Introduction
Regular Cartesian coordinates are a method of describing the position of a point in a two- or three-dimensional space using numerical values. It involves a reference point called the origin and perpendicular lines known as axes.
In a two-dimensional system, points are represented by pairs of numbers (x, y). The x-coordinate indicates the horizontal distance from the origin, with negative values to the left and positive values to the right. The y-coordinate represents the vertical distance from the origin, with positive values upward and negative values downward. By combining these two numbers, we can determine the exact location of a point on a flat surface.

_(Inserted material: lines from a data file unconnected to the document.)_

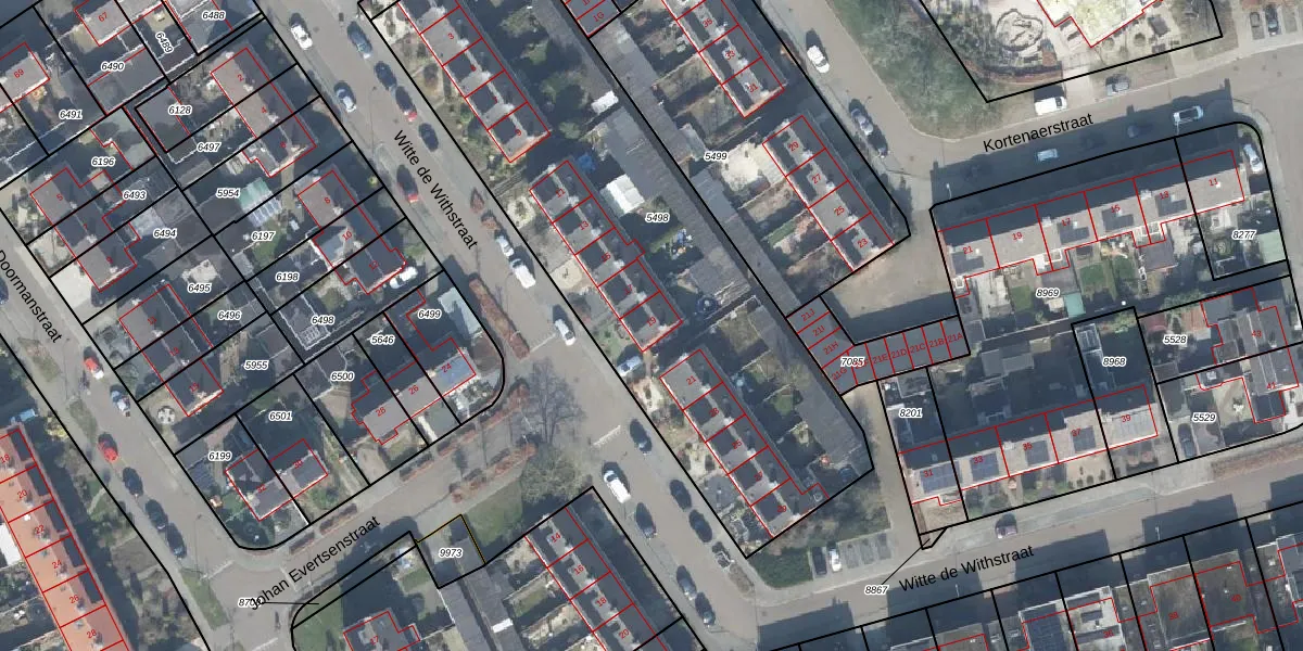 Het perceel waarop Witte de Withstraat 19 staat heeft een oppervlakte van 2605 m². Dit is een zeer groot perceel. De perceeloppervlakte wordt geregistreerd door het Kadaster. Gedetailleerde informatie over de maten van dit perceel kunt u vinden in het rapport Kadastrale kaart met maatvoering van Witte de Withstraat 19.
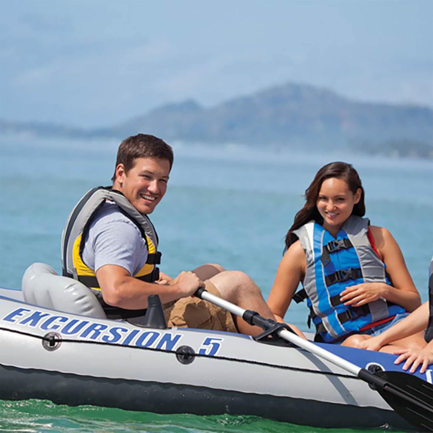 Intex Excursion 5 Person Inflatable Outdoor Fishing Raft Boat Set with 2 Aluminum Oars and Air Pump with a Composite Motor Mount Kit
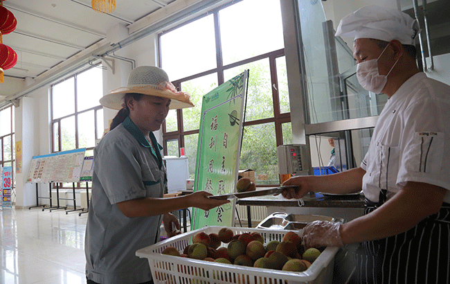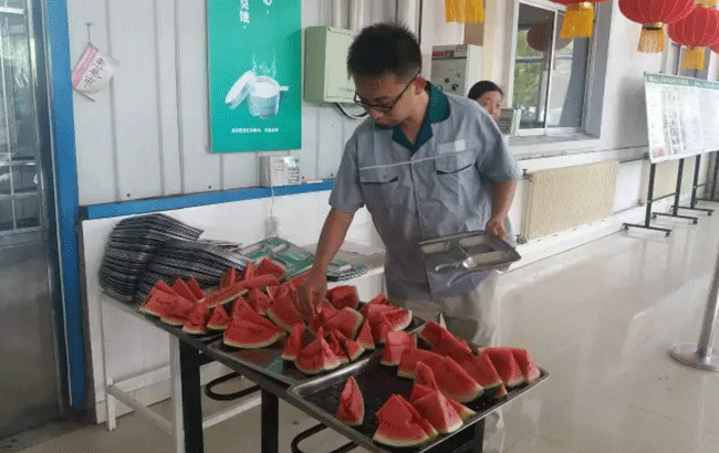 为了避免员工中暑,餐厅工作人员对食品原料严格把关,努力让员工吃到最卫生、最新鲜的饭菜。同时,为员工提供西瓜、苹果等水果,让员工真正感受到五征大家庭的温暖。
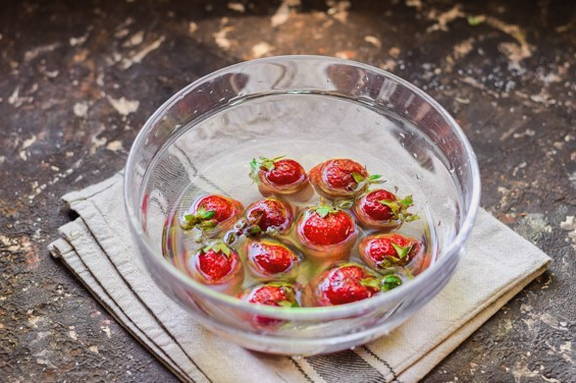 We bereiden rijpe aardbeien, vullen met water, waarin we de aardbeien een paar minuten laten staan, zodat het zand wegtrekt en pas dan snijden we de groene staarten af.
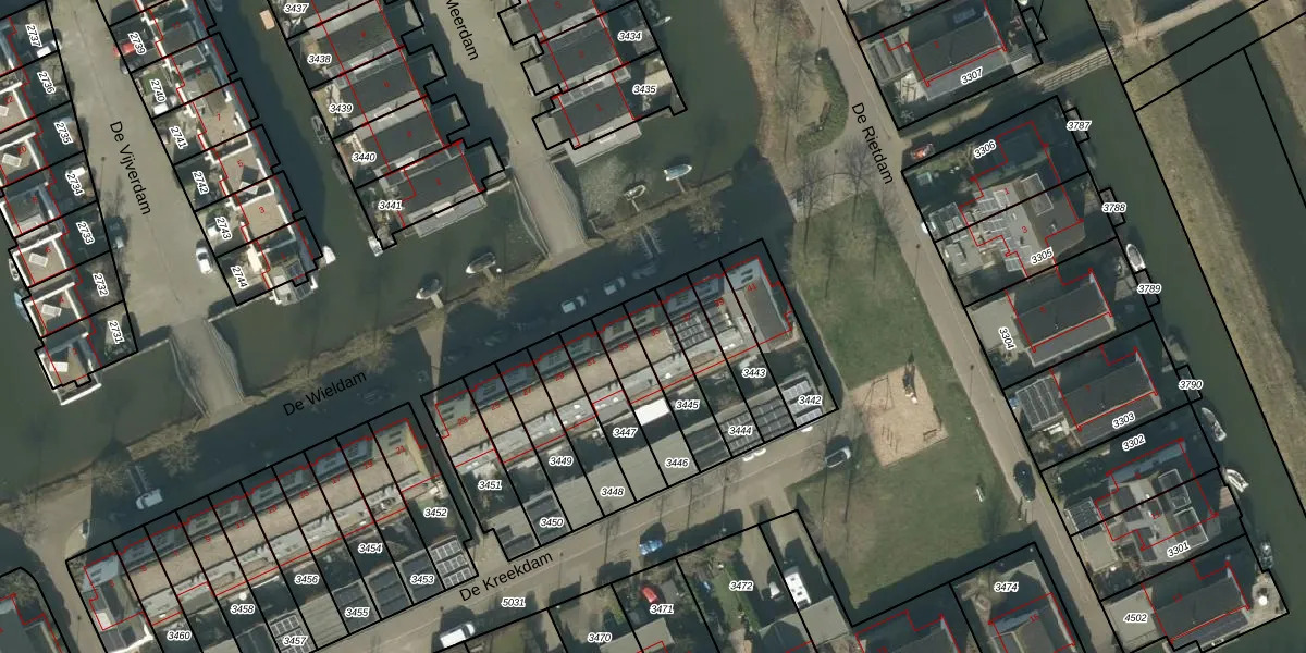 Het perceel waarop De Wieldam 35 staat heeft een oppervlakte van 154 m². Dit is een middelgroot perceel. De perceeloppervlakte wordt geregistreerd door het Kadaster. Gedetailleerde informatie over de maten van dit perceel kunt u vinden in het rapport Kadastrale kaart met maatvoering van De Wieldam 35.
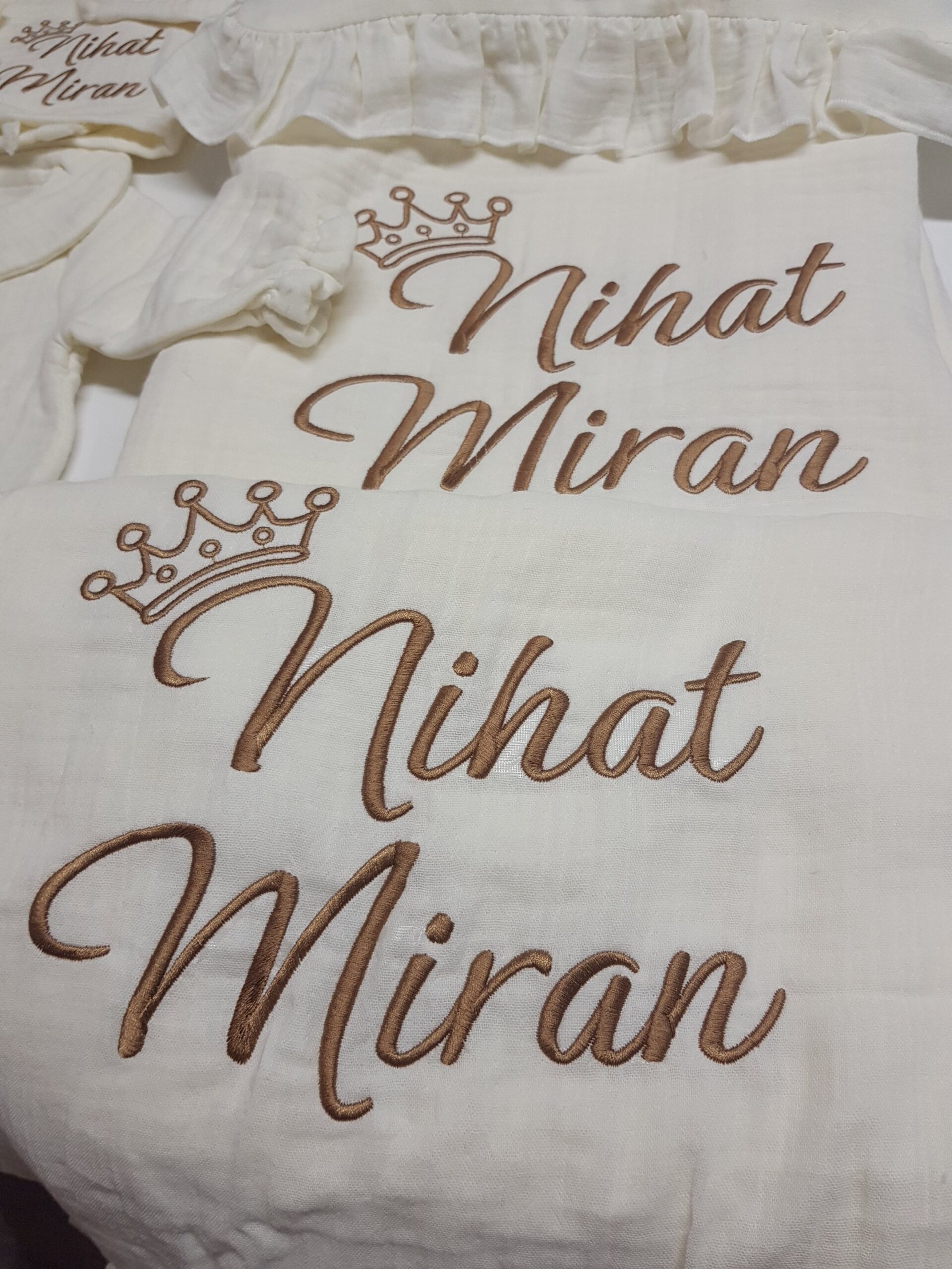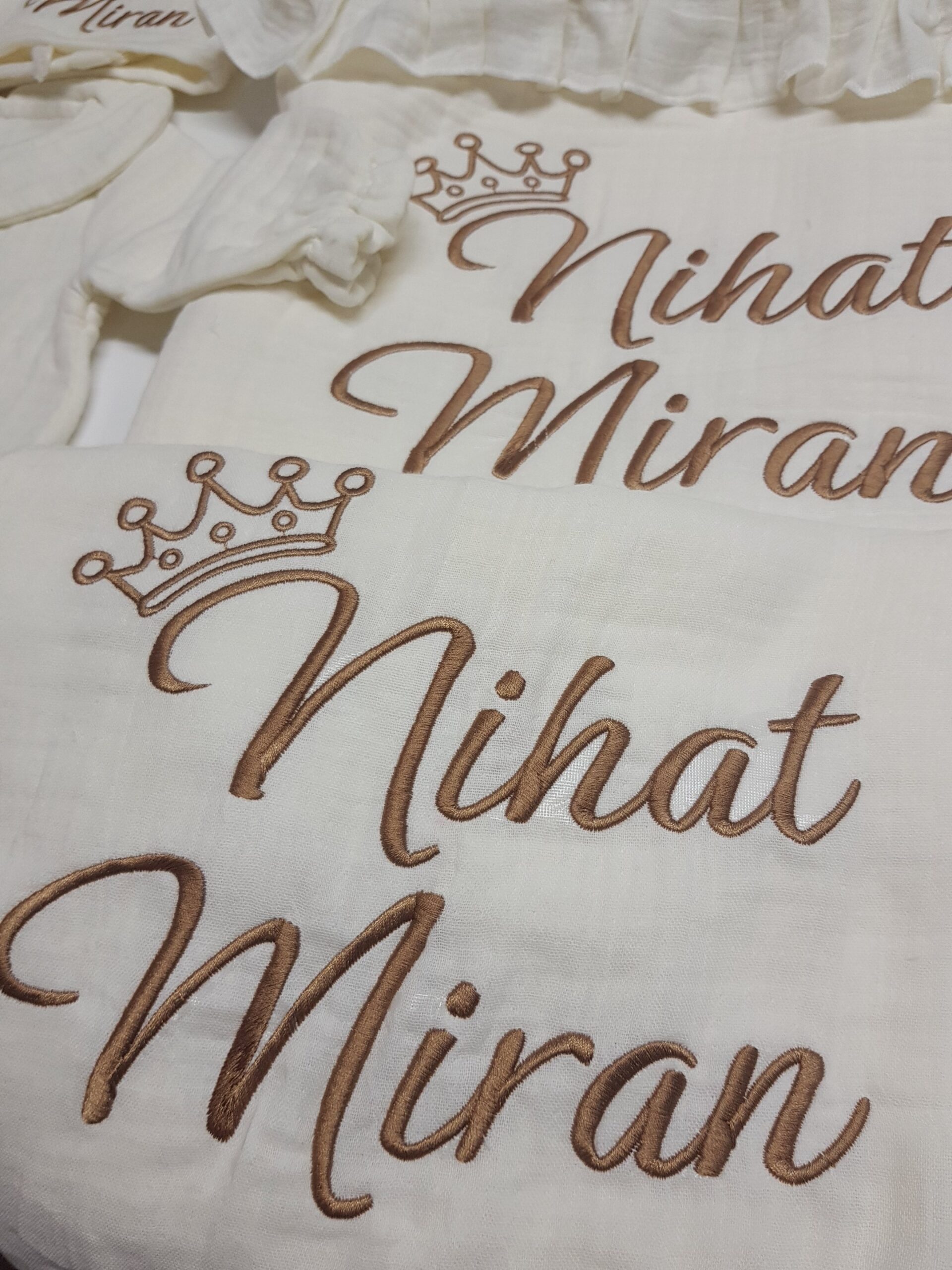 Kişiye özel isim nakışı ile anlamlı bir hatıraya dönüşen müslin hastane çıkışı, günlük kullanım ve özel günler için zarif bir hediye olarak tercih edilebilir.
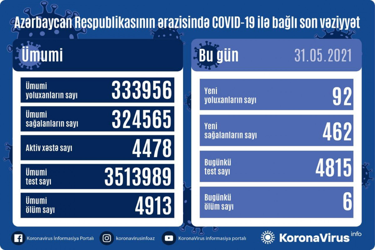 Azərbaycan Respublikasında koronavirus (COVID-19) infeksiyasına 92 yeni yoluxma faktı qeydə alınıb, 462 nəfər müalicə olunaraq sağalıb.
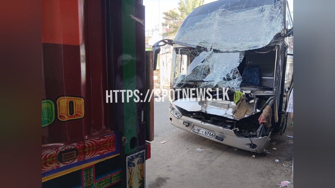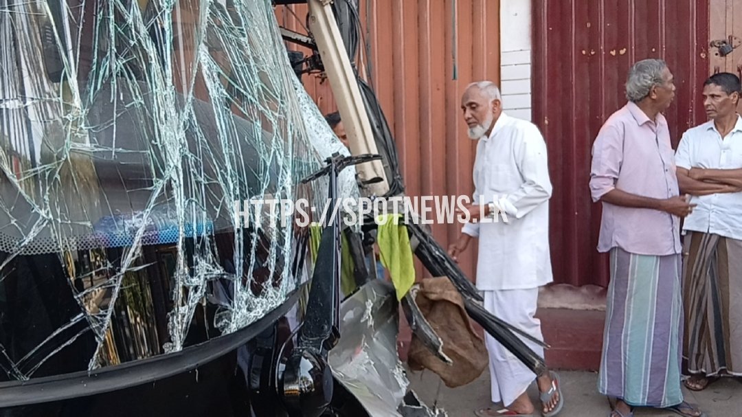இன்று அதிகாலை 4 மணியளவில் கொழும்பிலிருந்து கல்முனை நோக்கி வந்து கொண்டிருந்த லொரியொன்று காத்தான்குடி பிரதான வீதியில் நிறுத்தப்பட்டிருந்த அதே நேரம், கொழும்பிலிருந்து அக்கரைப்பற்று நோக்கி வந்து கொண்டிருந்த சொகுசு பஸ் ஒன்று குறித்த லொரியின் பின்னால் மோதியதன் காரணமாக பாரிய விபத்து சம்பவம் ஏற்பட்டுள்ளது.
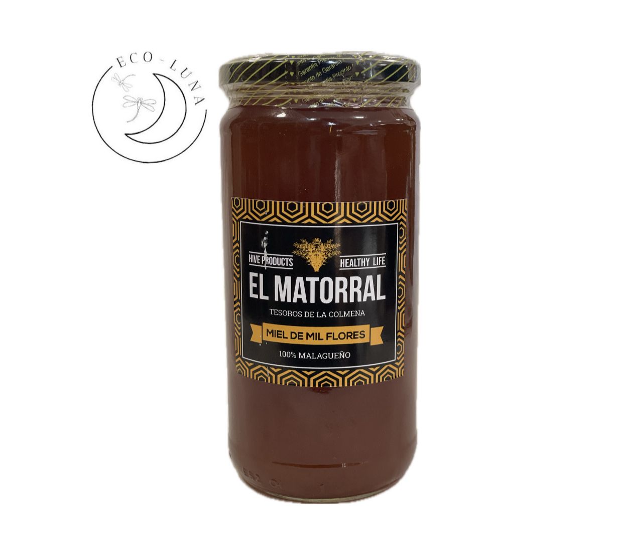 La Miel de Mil-flores “El Matorral” es un producto ecológico malagueño que ofrece una experiencia auténtica de sabor: dulce y floral, con matices mediterráneos gracias al tomillo y romero, capturada de forma artesanal directamente del panal. Su color ámbar, aroma persistente, y sabor equilibrado la hacen ideal para todo tipo de recetas, desde infusiones hasta postres o carnes. Además, su textura varía naturalmente, reflejando la diversidad botánica del entorno malagueño

In a three-dimensional system, points are represented by triplets of numbers (x, y, z). The x-coordinate denotes the horizontal distance, the y-coordinate represents the vertical distance, and the z-coordinate indicates the depth or distance in or out of the flat surface. By utilizing these three numbers, we can identify the position of a point in a three-dimensional space.
Regular Cartesian coordinates have practical applications in various mathematical and scientific fields. They enable us to measure distances between points, calculate the slopes of lines, determine angles between lines and planes, and represent geometric shapes and equations.
These coordinates are extensively employed in disciplines such as geometry, algebra, calculus, physics, and computer graphics. They provide a consistent and straightforward method to discuss the location of objects and their relationships within a space.